Guy on the phone: I would like to talk to a librarian.

Me: Yes, I am a librarian.  Can I help you?

Guy: No, I want to talk to a librarian. Is one there?

Me: I, uh….yes?  I am a librarian.

Guy: Listen, I don’t have time for these games.  I talked to you before and you said there wasn’t a librarian there.

Me: Wait. You didn’t talk to me before.

Guy: Yes I did.
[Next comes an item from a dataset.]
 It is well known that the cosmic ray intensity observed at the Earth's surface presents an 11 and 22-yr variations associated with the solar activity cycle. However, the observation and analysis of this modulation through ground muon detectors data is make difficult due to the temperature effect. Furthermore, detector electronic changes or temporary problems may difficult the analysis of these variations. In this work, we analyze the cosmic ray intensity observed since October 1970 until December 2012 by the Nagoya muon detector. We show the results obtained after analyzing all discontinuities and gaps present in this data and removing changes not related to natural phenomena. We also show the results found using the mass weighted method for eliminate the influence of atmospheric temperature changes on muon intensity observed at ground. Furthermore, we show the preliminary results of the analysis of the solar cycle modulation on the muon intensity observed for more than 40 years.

You said there wasn’t a librarian there.  Now I’m calling the library and would like to talk to a librarian.

Me: Well… I am a librarian.  There are other librarians, but they are just as much librarians as me.
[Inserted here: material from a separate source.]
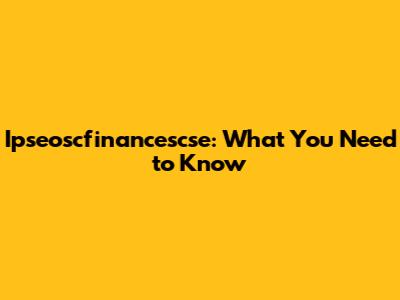 Alright, let's dive into what you need to know about Ipseoscfinancescse. This might sound like a jumble of letters and abbreviations at first, but we're going to break it down piece by piece so you can understand what it's all about. Whether you're an investor, a student, or just someone curious about the financial world, this guide is for you. We'll cover the basics, the key aspects, and why it's relevant in today's financial landscape.

Guy: I’m serious now, I don’t have time for this.  You need to transfer me to a librarian right now.

Me: OK, sir, maybe there was a mixup before.  But I can help you now.

Guy: Listen you, I’m not playing around here.  You know what?  I’m just going to call the operator back.  [Hangs up.]

Me: …

We were trying to think of the most famous Todd.  The best I could come up with was Big Head Todd of Big Head Todd and the Monsters.  K had never heard of them.  She thought of Todd Palin.  I wasn’t sure which member of the Palin family was Todd.  (And I really hope that in five years when I re-read this I’ll be baffled at who Todd Palin even could have been, but sadly I don’t think this will be the case.)  She also thought of Todd Rundgren.

Point is, there is definitely a vacuum for Most Famous Todd.

Similarly, a while back, whilst listening to some Moody Blues, I declared that Justin Heyward must be the most famous musical Justin, since I could think of no challengers.  A bit later K remembered Justin Timberlake.  I never ever would have thought of him, which gives you some sense of where my head is at with regard to modern pop music.